Johnston Community College (JCC) is welcoming 30 rising ninth-graders to its campus this August through a new dual enrollment initiative with the Johnston County Early College Academy (JCECA).
The partnership, entitled STEM Pathways, will take rising freshmen from 14 different Johnston County middle schools down a specially-designed road to secure either an associate in engineering (AE) or associate in science with an engineering concentration degree by the time they graduate high school.
The partnership gives students in the cohort access to collegiate faculty, resources, facilities, student activities, and more. JCC is currently “the only North Carolina community college with an Engineering-Focused STEM Pathway within an innovative high school located on its campus.”
We spoke with Angelin Smith Mejias, a rising ninth-grader, who will start the STEM Pathways program at JCECA in the fall. She loves math and science and has done her own research on engineering careers. She is most excited about the program because she can learn more about the fields that interest her from STEM-focused teachers.
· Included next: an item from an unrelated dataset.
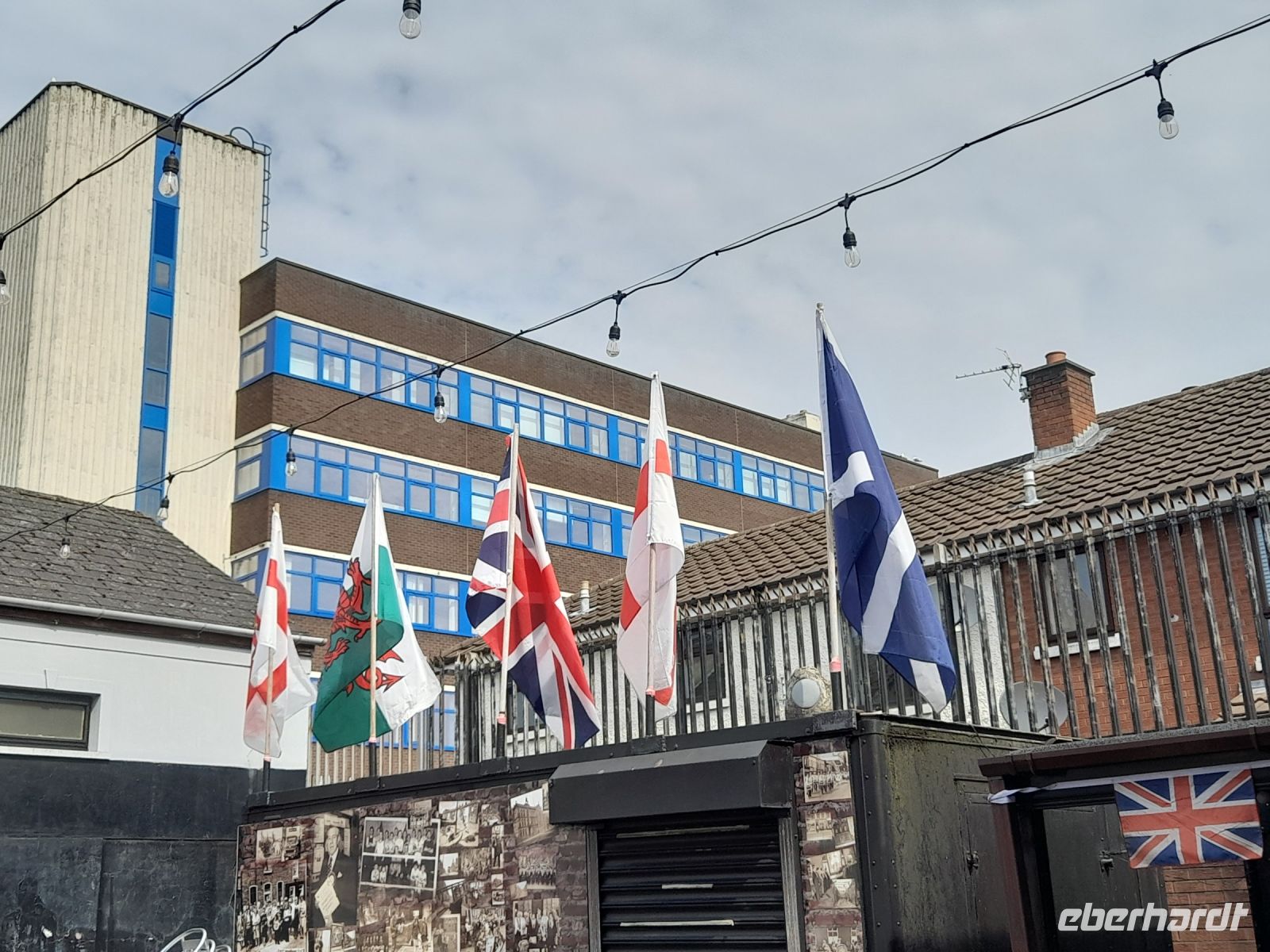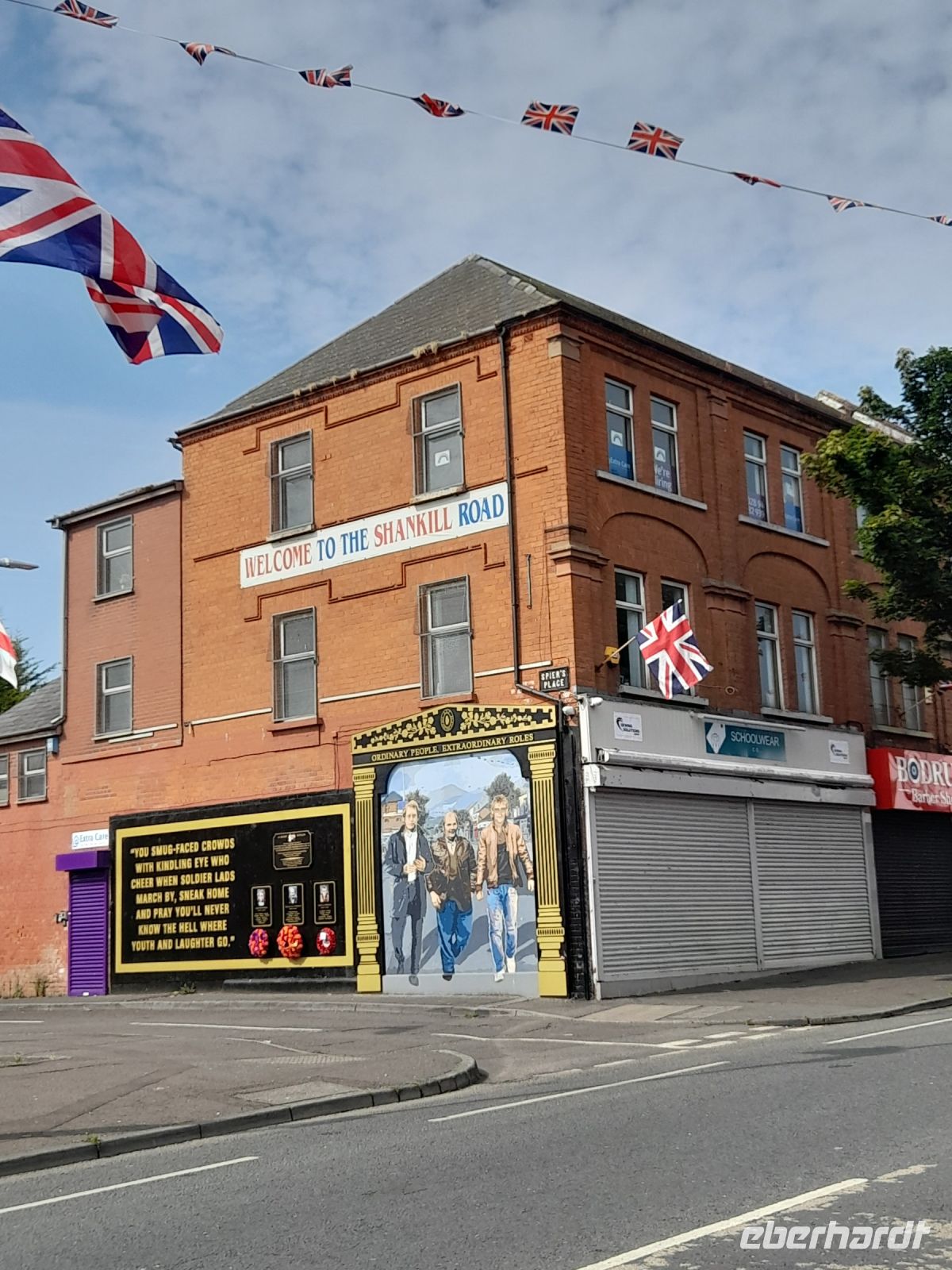 Weiter geht es im Anschluss durch die berühmte Shankill Road, die vom Thronjubiläum Königin Elisabeths noch reich geschmückt ist, durch die Innenstadt und hinaus zum nordirischen Parlament.

Mejias is interested in potentially becoming an architectural designer and an aerospace engineer.
By merging college-level courses with extracurricular options like robotics, STEM camp, internships, research, workshops, and more, JCC hopes students feel involved in engineering through their own academic experience.
“Students accepted to the STEM Pathway at the Early College Academy will thrive with a technology-enriched curriculum designed to activate analytical, critical, and inventive thinking.” — Lance Gooden, department chair of engineering
STEM Pathways has been more than a year in the making and was originally a dream of Rodney Allred, director of college counseling at JCECA, who was looking to expand the school. His office is down the hall from Dawn Dixon, associate vice president at JCC. She says, “We do a lot of thinking about what students will need when they exit in three to five years,” and giving early college students direct access to the college’s engineering program was really important.
The goal of the program is to prepare students with competitive skill sets in a rapidly changing engineering landscape.
What does the manufacturing landscape look like in Johnston County? Dixon lists Grifols, Caterpillar, and OPW as some of the businesses that have engineering technology positions. It was reported by WRAL’s TechWire on June 9 that Grifols is investing $351.6 million to build another facility in Johnston County. It is estimated that 300 additional jobs will be created.
With JCC’s engineering curriculum, students can get a variety of certifications in applied engineering or mechanical engineering, or an associate in engineering. The community college is preparing its students for those local jobs.
“Creating this STEM Pathway was just one way to look at some of the challenges that a community college may have, and leverage our strong partnerships … we have a very strong partnership with Johnston County Public Schools in a creative way that benefits students,” Dixon said.